I’m curious if approaches like those I describe here (end of the article; building on this which uses mini-publics) for determining rec system policy help address the concerns of your first 3 bullets. I should probably do a write-up or modification specifically for the EA audience (this is for a policy audience), but it ideally gets some of the point across re. how to do “deliberative retrospective judgment” in a way that is more likely to avoid problematic outcomes (I will also be publishing an expanded version that has much more sourcing).
These approaches could help! I don’t have strong reason to believe that they will, nor do I have strong reason to believe that they won’t, and I also don’t have strong reason to believe that the existing system is particularly problematic. I am just generally very uncertain and am mostly saying that other people should also be uncertain (or should explain why they are more confident).

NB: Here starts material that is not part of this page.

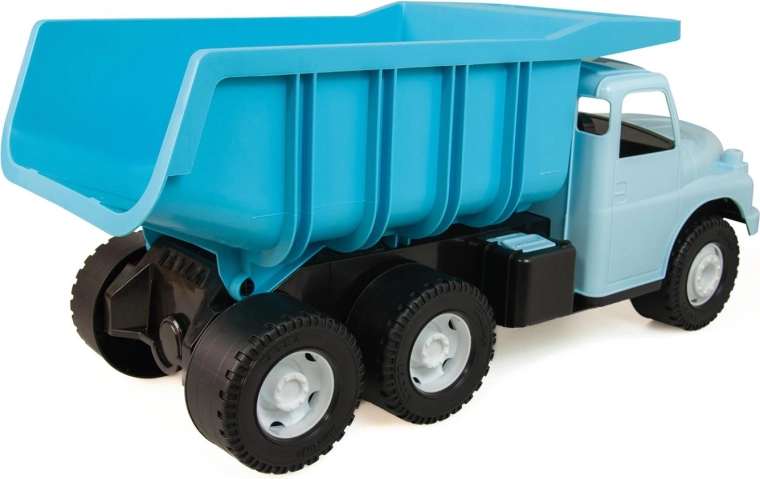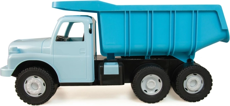 Bezpečnost je na prvním místě – korba má praktickou pojistku proti nechtěnému vyklopení a celé auto je vyrobeno z nezávadných plastů bez ftalátů. Děti mohou na korbě i sedět a vozit se, což podporuje aktivní hru, rozvoj motoriky a fantazie.

Re: deliberative retrospective judgments as a solution: I assume you are going to be predicting what the deliberative retrospective judgment is in most cases (otherwise it would be far too expensive); it is unclear how easy it will be to do these sorts of predictions. Bullet points 1 and 2 were possibilities where the prediction was hard; I didn’t see on a quick skim why you think they wouldn’t happen. I agree “bridging divides” probably avoids bullet point 3, but I could easily tell different just-so stories where “bridging divides” is a bad choice (e.g. current affairs / news / politics almost always leads to divides, and so is no longer recommended; the population becomes extremely ignorant as a result worsening political dynamics).